When Xena, the cousin I love, was here, before she grew up and met the boyfriend she loves, we would walk from my house all the way downtown, then home again.

She was 11 that summer and couldn't read. And no one had known. She'd buffaloed her teachers and her parents and everyone else. She had listened, observed and pretended to read. It was her fifth-grade teacher who finally realized that she couldn't.

I signed her up for a summer reading course and she packed her bags and came to live with me for six weeks. It was the best time. Mornings she went to school but afternoons and evenings she was all mine. We went to the beach. We ate clam dip and played Spit, a card game she always won. I introduced her to horror movies - "The Birds" and "Psycho." And we walked every day all over town, talking, laughing, telling stories and playing the spelling game.

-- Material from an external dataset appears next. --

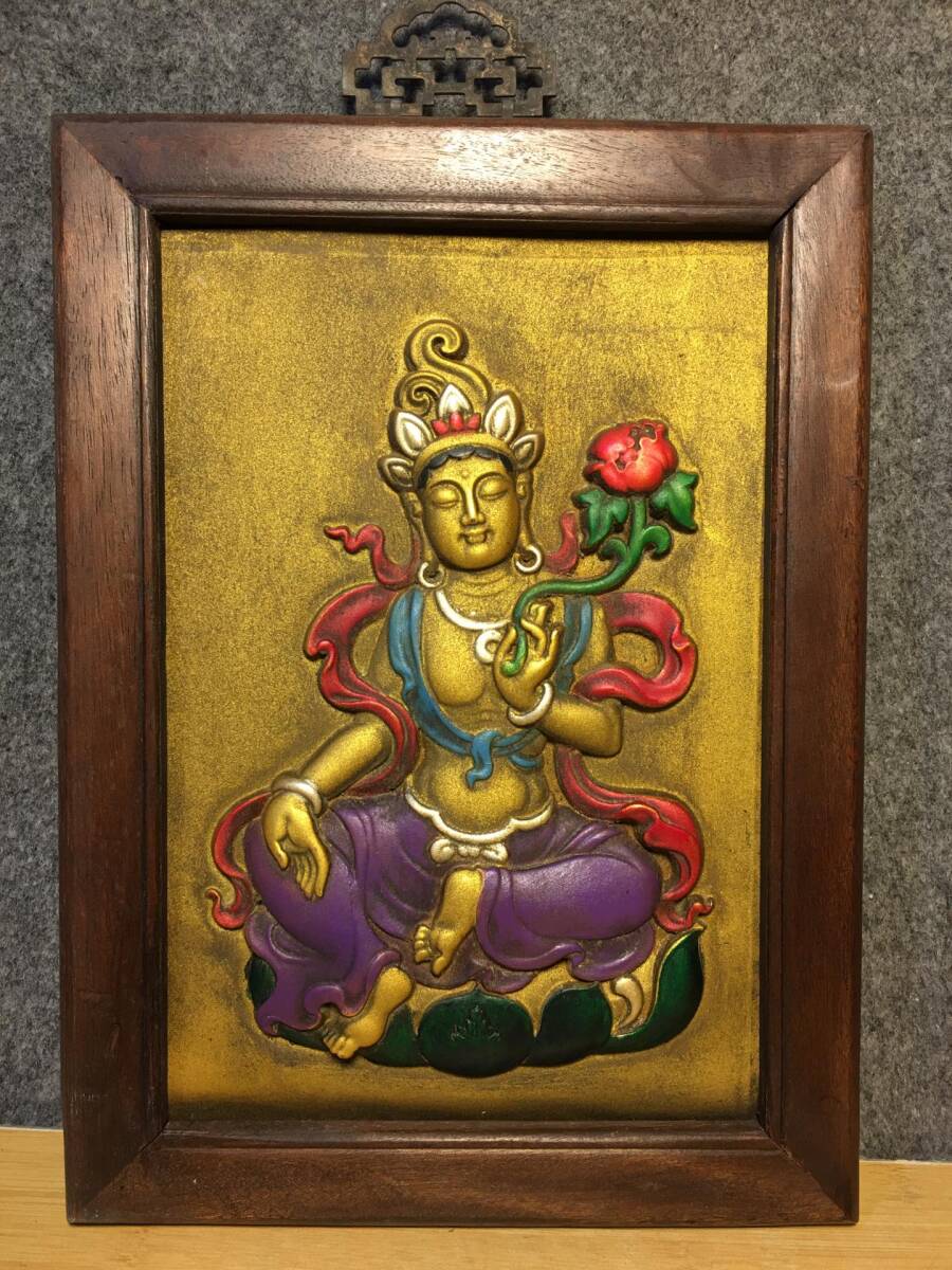 > 古木彫り 秘藏 清代 花梨木に紫銅タンカをはめ込む 書道具 文房具 時代物 中国古美術 細密彫 置物 賞物 唐物 木彫り 文玩 6.5

In the beginning, she couldn't spell at all. But she learned fast. Every day we repeated our steps and I repeated the words and pretty soon I couldn't trick her. "Train," I'd say. "T-R-A-I-N," she'd answer. "Rain," I'd say next. "R-A-I-N." "Stain." "S-T-A-I-N." "Plane - the kind that flies," I'd throw in. And she'd get it right. "P-L-A-N-E," she'd say, smiling, pleased with herself.

We read signs and banners, bumper stickers and menus and it was fun, all of it, the reading, the spelling, the walking. I felt like Big Bird parading down the street, running into people I knew and introducing them to Xena because always the person would nod and smile and say something like, "Hope to see you again," polite, just like on "Sesame Street."

"Who are the people in your neighborhood," Xena and I would sing, making up the words. That summer passed this way, one day leading into the next.

It ended too soon and Xena went home. And though she came back the next year and we walked again, she didn't stay as long and we didn't walk as much. And we didn't play the spelling game anymore because by then she could spell and read anything.

Now Xena is 17 and the boyfriend is her world and I understand. It happens. Kids grow up. And childhood gets left behind.

Earlier this week, I walked another child downtown for the first time - my new granddaughter, just 12 weeks old.

We stopped at Dr. Batchelder's and he said, "Good to see you" and "She's beautiful." Then we stopped at the Canton Citizen to see my friend, Beth, and her friend, Rosemary, and they fussed over Lucy, too. Then on we walked to my husband's office.- Then to the hairdresser where everyone knows everyone and makes a big deal out of everything. Then to the baker who said, "Lucy looks just like her mother." Then we ran into my favorite postal clerk.

As we headed for home, we walked past the high school at the exact time the kids got out.

And I found myself feeling like Big Bird again, happy in a kid sort of way. Happy for the moment, just to be. Happy to be pushing a baby carriage, to be outside on a perfect September day. Happy to be able to ring a bell or open a door and be welcomed by someone I know and invited inside.

That summer with Xena didn't seem special at the time. I would like to have taken her to Disney World instead of taking her to school every day.

But it turned out to be the best summer for both of us. Life's surprising like that. Things that are supposed to mean everything can end up meaning nothing. And sometimes the simplest things can become grand.